# Assessing feature importance via random decision forests
***

## 1 Dataset: Energy efficiency


### 1.1 Description
We perform energy analysis using 12 different building shapes simulated in Ecotect. The buildings differ with respect to the glazing area, the glazing area distribution, and the orientation, amongst other parameters. We simulate various settings as functions of the afore-mentioned characteristics to obtain 768 building shapes. The dataset comprises 768 samples and 8 features, aiming to predict two real valued responses. It can also be used as a multi-class classification problem if the response is rounded to the nearest integer.

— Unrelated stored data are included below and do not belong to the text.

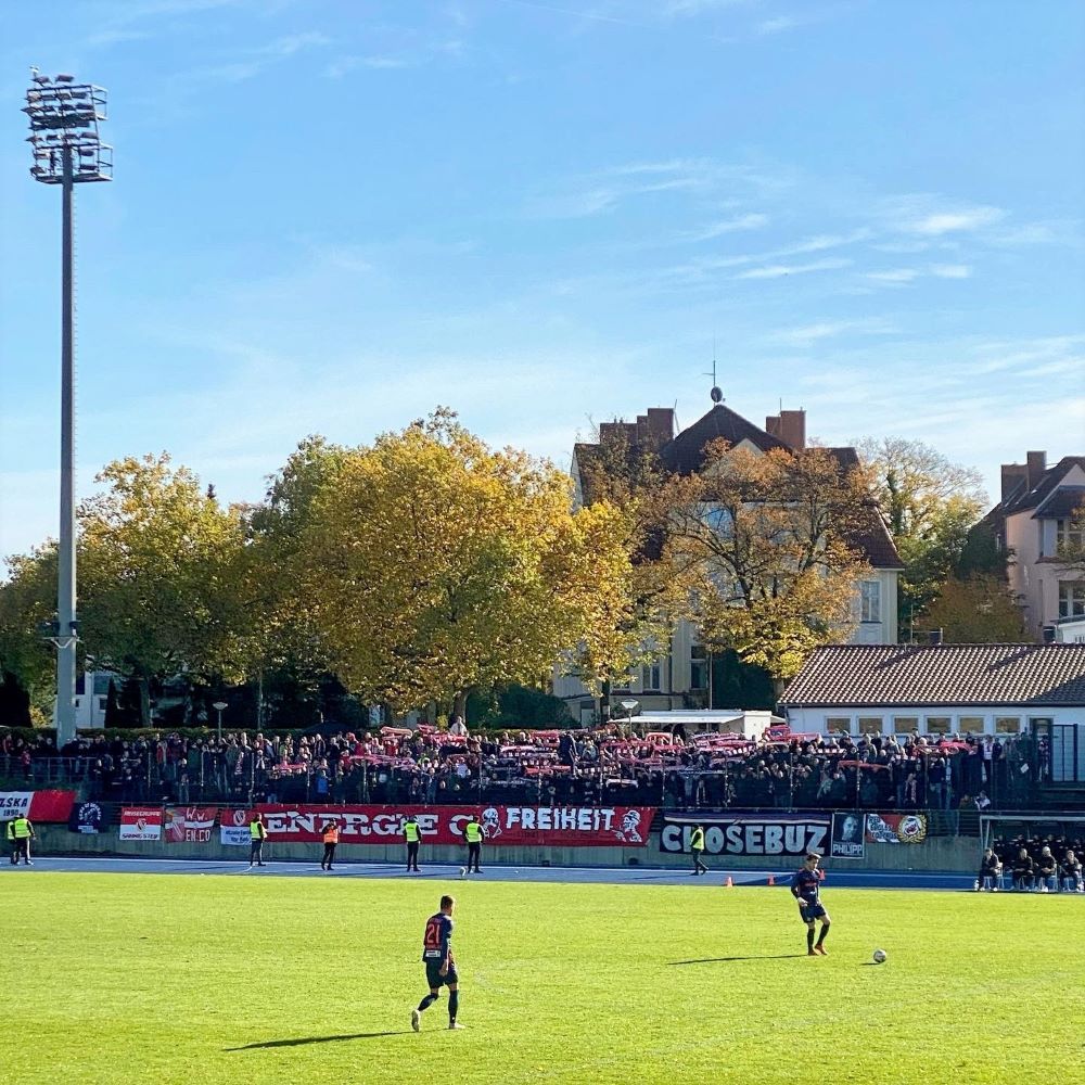 Zum heutigen Kick hatten sich ca. 250 Tasmanen und rund 400 Cottbuser im Stadion Lichterfelde eingefunden. Der Gästeauftritt war dabei stimmungsmäßig solide und sorgte durchaus für annehmbare Fußballatmosphäre an diesem Sonntagmittag. Neben diversen Fangesängen über die Spieldauer verteilt, gab es zu Beginn eine schöne Schalparade und den mehrstrophigen Klassiker „Märkische Heide, märkischer Sand“. Bei den Tasmanen war leider nur eine kleine Schar von ca. 20 Leuten wirklich sangesfreudig und schmetterte zumindest hin und wieder ihre Schlachtrufe “Ra-Ra-Ra! Tasmania!” und “Heja, Heja, Neuköllner”, um die Mannschaft zu unterstützen.
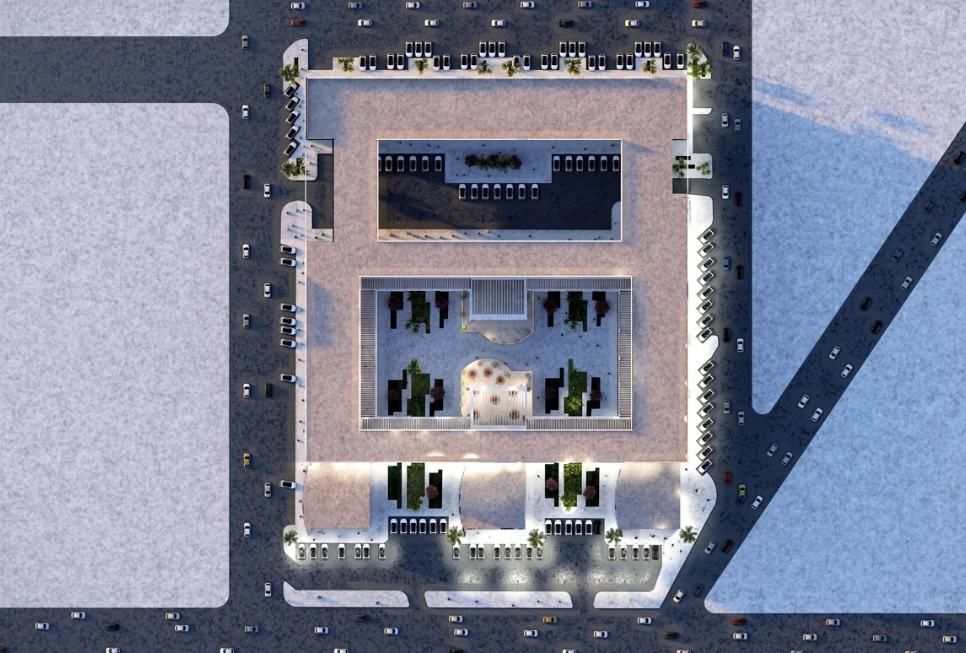 تنطلق هذه الرؤية من الحفاظ على الكتل التجارية السفلية القائمة، مع إعادة صياغتها ضمن إطار معماري متماسك، من خلال إضافة عنصر ربط علوي يوحّد الكتل المختلفة ويعزز الترابط بين الاستخدامات.
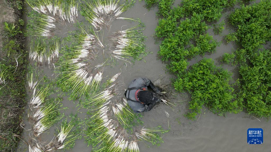 11月14日,江蘇省太倉市雙鳳鎮勤力村“水八仙”蔬菜種植基地,菜農在采收水芹菜(無(wú)人機照片)。
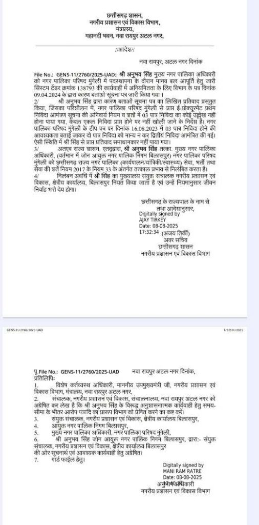 बिलासपुर। लंबे समय तक छत्तीसगढ़ में घोटालों के नाम पर असमन्वय पूर्ण वातावरण के लिए चर्चित रहा मुंगेली नगर पालिका परिषद में सीएमओ रहे अनुभव सिंह निविदा में हुए अनियमितता के चलते निलंबित किए गए।
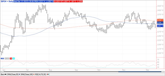 Prices were sharply lower across all 3 classes as the day to day choppiness continues.   Chicago and MGEX were down $.15 – $.20, while KC plunged $.22 – $.25.  Mch-24 Chicago closed below yesterday’s low, however held above the 50 day MA support at $6.00 ¼.  Mch-24 KC briefly traded below this week’s low of $6.30 ¼.  Algeria reportedly bought over 900k mt of milling wheat at around $273/mt CF, likely sourced from the Black Sea region for Feb/Mch-24 shipment.  Since July 1st Ukraine has exported 6.3 mmt of wheat, down 15% from YA.  Ukrainian officials are optimistic total exports in Dec-23 can reach 5 mmt up from 3.8 in Nov-23 utilizing the humanitarian corridor.  The US southern plains is receiving a healthy dose of rain midweek helping build moisture reserves for the US winter wheat crop.  Export sales tomorrow are expected to range from 44 – 58 mil. bu. reflective of last week’s large announced sales to China.

### 1.2 Attribute Information:

The dataset contains eight attributes (or features, denoted by X1...X8) and two responses (or outcomes, denoted by y1 and y2). The aim is to use the eight features to predict each of the two responses. 

Specifically: 
1. X1	Relative Compactness 
2. X2	Surface Area 
3. X3	Wall Area 
4. X4	Roof Area 
5. X5	Overall Height 
6. X6	Orientation 
7. X7	Glazing Area 
8. X8	Glazing Area Distribution 
9. y1	Heating Load 
10. y2	Cooling Load

### 1.3 Link 
https://archive.ics.uci.edu/ml/datasets/Energy+efficiency

***
## 2 Load libraries and dataset

### 2.1 Import libraries

In [None]:
import matplotlib.pyplot as plt
import pandas as pd
import numpy as np
from sklearn.model_selection import train_test_split
from sklearn.ensemble import RandomForestClassifier

# Display graphics in Jupyter Notebook
%matplotlib inline

### 2.2 Load .xlsx file

In [None]:
dataset = pd.read_excel('ENB2012_data.xlsx')

# Show 5 rows
dataset.head(5)

***
## 3. Split dataset in train and test subsets

In [None]:
# Generate new class attribute. Is y1+y2 above average? 1= yes / 0 = no
dataset['aboveAVG'] = np.where((dataset['Y1'] + dataset['Y2'])>=(dataset['Y1'].mean() + dataset['Y2'].mean()), 1, 0)

In [None]:
# Values of target
y = dataset['aboveAVG'].values

# Values of attributes
dataset = dataset.drop(['Y1', 'Y2', 'aboveAVG'], axis=1)
X = dataset.values

# Splitting
X_train, X_test, y_train, y_test = train_test_split(X, y, test_size=0.3, random_state=0)

***
## 4. Random Forest Classifier

In [None]:
forest = RandomForestClassifier(n_estimators=10000, random_state=0, n_jobs=-1)
forest.fit(X_train, y_train) # fit model

***
## 5 Assessing feature importance
### 5.1 Create data frame with features and related importance

In [None]:
result = pd.DataFrame()
result['feature'] = dataset.columns # column's names
result['importance'] = forest.feature_importances_ # values
result.sort_values(by=['importance'], ascending=False, inplace=True)
result

### 5.2 Display results in bar chart

In [None]:
plt.title('Feature Importances')
plt.bar(range(len(result['feature'])), result['importance'], color='blue', align='center')
plt.xticks(range(len(result['feature'])), result['feature'], rotation=90)

plt.show()

***
## 6 Conclusion
"Feature importance" measure based on Gini Importance or Mean Deacrease in Impurity (MDI), provided by Random Forest Classifier, allows us to  say that "X4", "X2", "X1" and "X5" features are very important to correctly label new entries. On ther otherhand, "X6" maybe could be removed from the analysis.